Rus is part of a group of lawyers who filed nearly two dozen lawsuits against the company's owners, operators and professional advisers, charging that they defrauded thousands of bondholders out of more than $250 million.

But in the company's preference lawsuits, nearly 90% of the small investors targeted had been paid in full before the company's bankruptcy filing and were never part of the general bondholder suits.

William Rose, court-appointed attorney for American Continental, told Bilby that creditors had returned about $200,000 in preference payments already. The judge ordered him to hold the money in escrow in an interest-bearing savings account until further notice.

The judge also ordered a committee overseeing the company's liquidation to try to come up with a smaller amount by Sept. 9 to settle the preference litigation.

Under a court-approved plan to liquidate American Continental, creditors who were paid during the three months before the April 13, 1989, bankruptcy filing could be forced to return the money so that the trustee could split it up among other creditors.

In mid-July, the company asked Bilby to halt any proceedings in the lawsuits it had been filing for three months to see if lawyers could reach a settlement. Bilby initially set a deadline of Aug. 31.

Lawyers for bondholders maintain that payments made before the bankruptcy filing were part of the company's normal course of business and should fall under an exception to bankruptcy law on preference payments.

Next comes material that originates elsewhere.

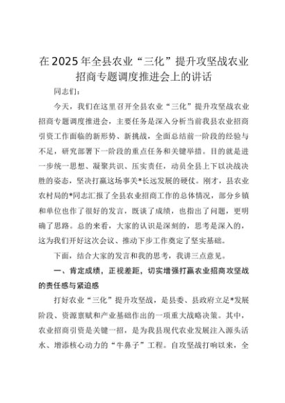 【七哥公文】2025年:在2025年全县农业“三化”提升攻坚战农业招商专题调度推进会上的讲话+更多免费公文+VX:QiGeGongWen2024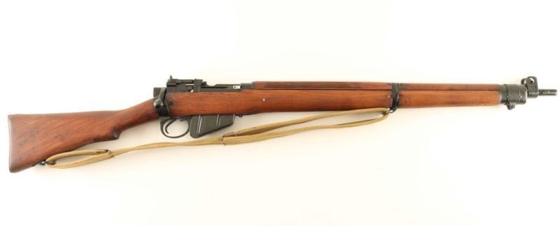 British military magazine fed bolt action service rifle chambered in .303 British. Imported by Century Arms of St. Albans, V.T. with import marks on the left side of the receiver. Features a black painted finish, 25.2" barrel with integral bayonet lugs, shrouded patridge front sight, receiver mounted flip-up aperture rear sight graduated to 1,300 yards, two barrel bands, smooth trigger, detachable 10 round magazine, manual safety on the left side of the receiver, tan canvas sling, integral charge loading guide cuts in the receiver, grooved full-length wood handguard, smooth forend with reinforcement screw, and straight grip shoulder stock with brass trapdoor buttplate. The receiver is marked with a "*" over the chamber and "NO 4 MK 2" on the left side. Serial numbers match on the receiver, bolt handle and forend. Rifle exhibits approximately 85% of it's mottled black finish with scattered wear & flaking. Action is smooth, the bore is very good and the wood stocks are very good+. Condition is NRA Very Good. ***C&R Firearm*** From The John F Sukey Collection

That issue is before the U.S. Supreme Court in a case involving ZZZZ Best Co. Inc., the Reseda carpet cleaning company that collapsed in 1987 in a fraudulent scheme that led to the conviction of its founder, Barry Minkow.

The U.S. 9th Circuit Court of Appeals ruled in the ZZZZ Best case that such payments are considered long-term debt and are not in the normal course of business, but three other circuit courts have ruled that such payments are normal and are exempt from preference rules.

Also on Friday, Judge Bilby approved a partial settlement of $1.665 million in one bondholder suit. The settlement for about 100 bondholders, primarily in the San Fernando Valley, was made by insurance carriers on behalf of the company's directors and officers.